WORK REQUEST: In the lines below, output everything from the first line through the line containing "飛賀 正浪さんを姓名の画数から五運を鑑定" exactly as it is. Pictures are not part of the output.

>>

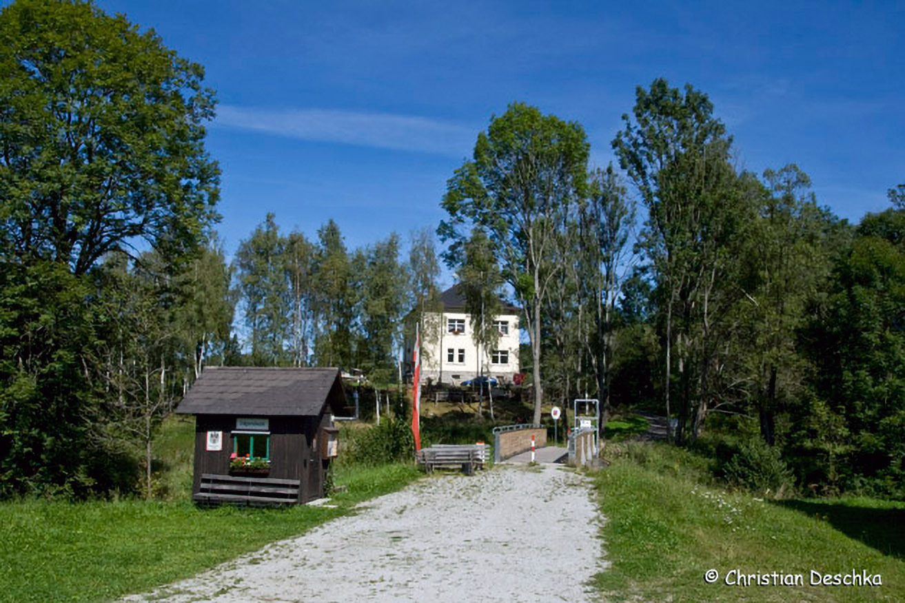 Dort befindet sich nämlich direkt am Ortsplatz ein Infozentrum, das durch ein schmiedeisernes Schild gekennzeichnet ist. Es informiert sowohl über das hiesige NATURA 2000- bzw. Europaschutzgebiet als auch über das Grüne Band.
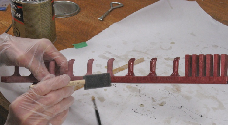 I used my standard MinWax Fast-Dry polyurethane varnish as a finish. This shot shows the first coat going on.
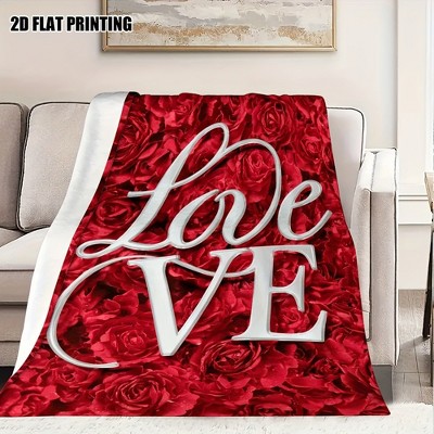 Lomsoe 1pc Cozy Love Pattern Throw Blanket,Soft Flannel Blanket,Perfect for Valentine'S Day, Home Decor, and Everyday Comfort.
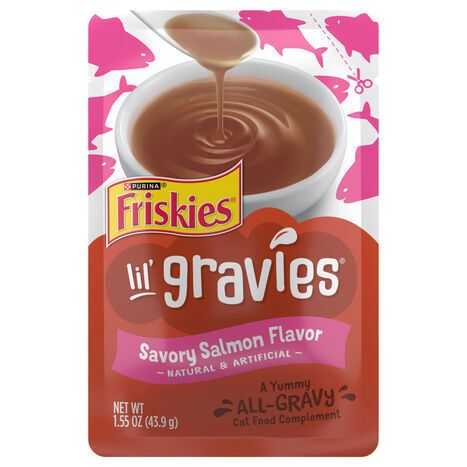 A yummy all gravy cat food complement. Easy to pour. A lil' gravy with a whole lotta flavor! www.Friskies.com. Purina.com. Visit us at www.Friskies.com. Try all 4 flavors. Also try another Lil' something. Lil' Grillers. Lil' Slurprises. Lil' Soups. Printed in USA. Calorie Content (calculated)(ME): 152 kcal/kg, 6 kcal/pouch.
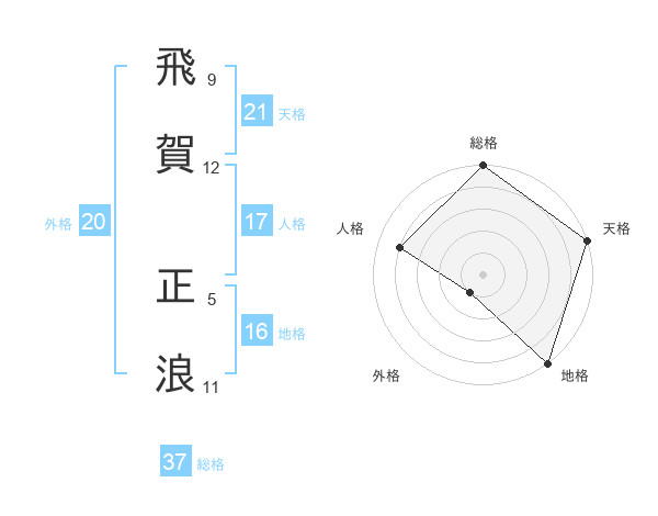 飛賀 正浪さんを姓名の画数から五運を鑑定
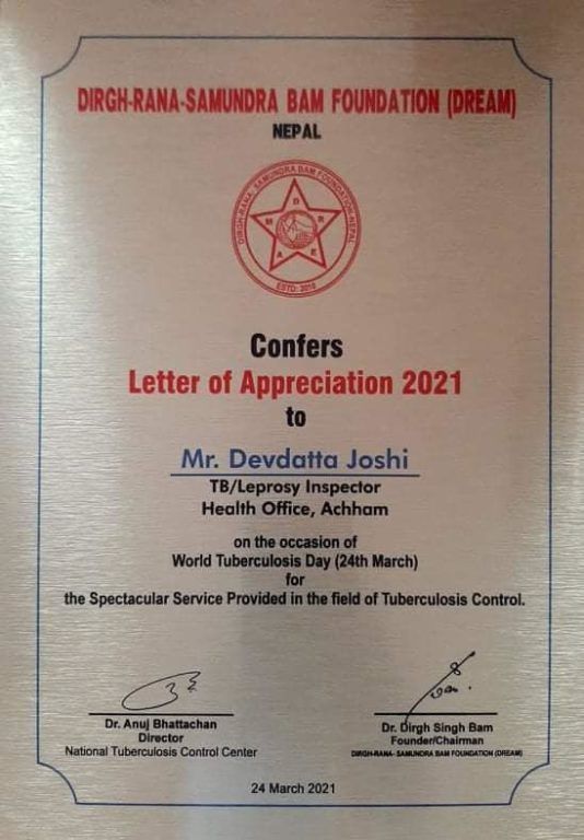 स्वास्थ्य कार्यालय अछाममा रहेर क्षयकुष्ठ रोग निवारणमा खेलेको भुमिकाको कदर गर्दै सम्मानि गरिएको हो । उनलाई दिर्घराना बम, समुन्द्रा प्रतिष्ठानले बिश्व क्षयरोग दिवसको अवसरमा सम्मान गरेको हो ।
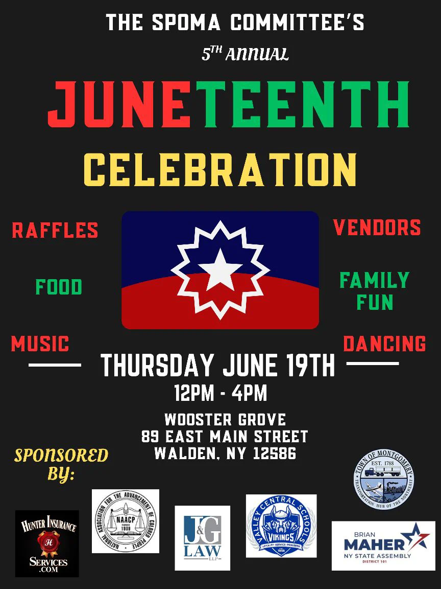 SPOMA Committee's 5th Annual Juneteenth Celebration will be held on Thursday, June 19, from 12 p.m. to 4 p.m. at Wooster Grove, 89 East Main Street, Walden, NY 12586.
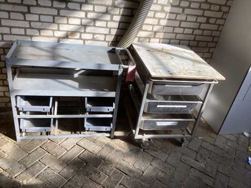 Left standing steel cabinet 97x40x78 centimeters ; Right stainless steel drawer cabinet 75 x60 x 82 centimeters mobile with wheels stainless steel
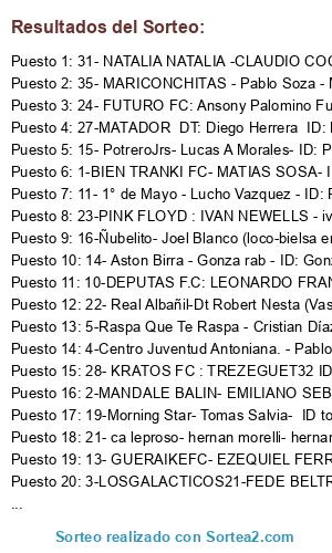 Lista de participantes: 1-BIEN TRANKI FC- MATIAS SOSA- ID: BIENTRANQUIFC, 2-MANDALE BALIN- EMILIANO SEBASTIAN- ID EMOBOCA, 3-LOSGALACTICOS21-FEDE BELTRANDO-ID: LOSGALACTICOS21, 4-Centro Juventud Antoniana. - Pablo Luciano -ID:pablo_CJA, 5-Raspa Que Te Raspa - Cristian Díaz - ID: AguiluchoComRiv, 6-Argentino (R) - Mariano Castellano - ID: Argentino de Rosario, 7-JAH LOVE FC - PABLO VAZQUEZ - ID: JAH_LOVE_FC, 8-DIAVOLO FC : MARCELO FERNANDEZ- ID: marcelo_98-01, 9-riverpool fc : lucas venialgo . ID: lautaro09, 10-DEPUTAS F.C: LEONARDO FRANCISCO BONATTI ID: LEOARGENTOMDQ, 11- 1° de Mayo - Lucho Vazquez - ID: Primero_de_Mayo, 12- FC14MILLONES -- DT VIYO DIAZ --- ID:FC14MILLONES, 13- GUERAIKEFC- EZEQUIEL FERRO- ID: GUERAIKEFC, 14- Aston Birra - Gonza rab - ID: Gonzarab, 15- PotreroJrs- Lucas A Morales- ID: PotreroJrs, 16-Ñubelito- Joel Blanco (loco-bielsa en foro)- ID: NIUBELITO, 17-Desamparados de haedo - Ezequiel Dominguez - id desamparadosfc, 18-ARAGUA FC Santiago Fernandez ID santo__77, 19-Morning Star- Tomas Salvia- ID tomasmorning, 20- ATLETICO NACIONAL- eliocr- eliocabj, 21- ca leproso- hernan morelli- hernan1973-, 22- Real Albañil-Dt Robert Nesta (VascoHaedo)- ID en tramite, 23-PINK FLOYD : IVAN NEWELLS - ivanovik_10, 24- FUTURO FC: Ansony Palomino Fuentes ID: palo30mino-, 25-DEPORTIVO LAFE Omar Aviles ID: deportivolafe, 26- LOS FORZOSOS DE ALMAGRO FACE: GABRIEL MANZO ID: LOS_FORZOSOS_D_A, 27-MATADOR DT: Diego Herrera ID: DIEGOTIGRE-PCA, 28- KRATOS FC : TREZEGUET32 ID VAMOSROJO2012, 29- MUCHACHOTA FC- DT SEBASDZIE ID SEBASDZIE, 30-Roman Lennon- Sergio Pereira- ID CA-ROMAN-LENNON, 31- NATALIA NATALIA -CLAUDIO COCA- AYRJAZ, 32- ME TOMOUNAGAROMPA - franco mojica- franco_canob74, 33-DEFENSOR SPORTING -elcorcho, 34- Vende humo Daniel Altamirano id vende--humo, 35- MARICONCHITAS - Pablo Soza - MAR-ICONCHITAS, 36-C.A.TURU TURU1011, 37-PATRICIO REY - Eduardo Messagli - ID: Messagli.
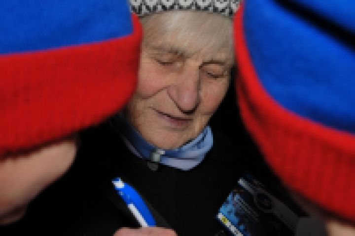 Юные спортсмены берут автограф у известной чемпионки по горным лыжам. Октябрь, 2016.

<<

ANSWER SPACE:
 Dort befindet sich nämlich direkt am Ortsplatz ein Infozentrum, das durch ein schmiedeisernes Schild gekennzeichnet ist. Es informiert sowohl über das hiesige NATURA 2000- bzw. Europaschutzgebiet als auch über das Grüne Band.
 I used my standard MinWax Fast-Dry polyurethane varnish as a finish. This shot shows the first coat going on.
 Lomsoe 1pc Cozy Love Pattern Throw Blanket,Soft Flannel Blanket,Perfect for Valentine'S Day, Home Decor, and Everyday Comfort.
 A yummy all gravy cat food complement. Easy to pour. A lil' gravy with a whole lotta flavor! www.Friskies.com. Purina.com. Visit us at www.Friskies.com. Try all 4 flavors. Also try another Lil' something. Lil' Grillers. Lil' Slurprises. Lil' Soups. Printed in USA. Calorie Content (calculated)(ME): 152 kcal/kg, 6 kcal/pouch.
 飛賀 正浪さんを姓名の画数から五運を鑑定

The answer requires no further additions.